Plus qu'une critique de ce disque bien précis, j'en profite pour faire quelques réflexions générales sur les enregistrements Supraphon d'oeuvres de Stravinsky par Ančerl et le Philharmonique tchèque dont seul celui-ci est présent dans la base de données (ben tiens...)
Tous les enregistrements d'œuvre de Stravinsky par Ančerl et le philharmonique tchèque sont des incontournables. Dans chacun, le Sacre, Oedipus Rex, la symphonie de psaumes (dont c'est ici la version que je préfère), c'est l'osmose du chef avec son orchestre qui frappe d'abord. Il y a une façon d'évidence qui émane de ces interprétations, une sorte d'impression de facilité, de clarté immédiate. Mais il y a aussi la magnificence des textures que les deux réussissent à produire, une richesse pure et solennelle du son qui force le respect. On parle souvent du son tchèque de Ančerl, je suppose que c'est à ça que ceux qui disent ce genre de choses pensent, à cette espèce de majesté gracieuse, aérienne, bohémienne dira-t-on...

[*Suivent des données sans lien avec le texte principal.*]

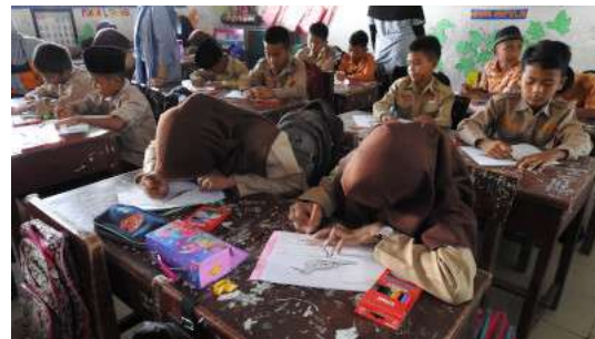
Students participating in the art-drawing competition

In the future, WHIS will try to carry out similar activities to two other elementary schools, which are also located on the east coast of Batubara Regency. The targeted schools are schools that are included in the landscape plan for the conservation of migratory shorebirds on the east coast of the Batubara regency. These schools are in the villages of Durian, Pematang Nibung, Medang, Lalang, Gambus Laut and Perupuk. The students who took part in this activity were very enthusiastic, they listened and asked questions about migratory shorebirds. This activity was the first time for them, so they were very happy to participate in the whole series of events. They hope that activities like this will be held every year in their schools. It's hoped that with this initial activity, the young generation on the east coast of Batu Bara Regency can recognize migratory shorebirds and become future conservation cadres.

Son sacre est magnifique, et encore une fois il ne donne même pas l'impression de forcer. L'énergie est omniprésente, les cuivres sont clairs à plaisir, les percussions claquent, mais à la cool... On n'a pas l'impression comme avec Dorati et le Minneapolis ou Bernstein et le New York Symphonic que le chef pousse au cul et force l'orchestre à extraire une force surhumaine de ses tripes. C'est une œuvre organique qu'Ančerl offre, généreusement lumineuse.
De tous les enregistrements stravinskiens réédités dans l'édition gold seule celle des Noces manque de punch à mon gout. Je préfère largement la version de Bernstein qui fait la part belle à l'énergie débridée des percussions et du piano. La version d'Ančerl soigne la direction vocale mais laisse un peu en retrait les instrumentistes. De même je préfère Bernstein dans la messe mais seulement pour des raisons de préférence personnelle: la version d'Ančerl est magnifique, large et imposante, là où celle de Bernstein est intimiste, retenue et spirituelle. Les gouts et les couleurs...
Quelles que soient mes réserves (mineures) sur certaines interprétations, ces trois rééditions sont de petites perles, chacune à leur façon. Pour quelqu'un qui chérit autant que moi l'art du grand Igor, ce sont de vrais plaisirs de gourmet.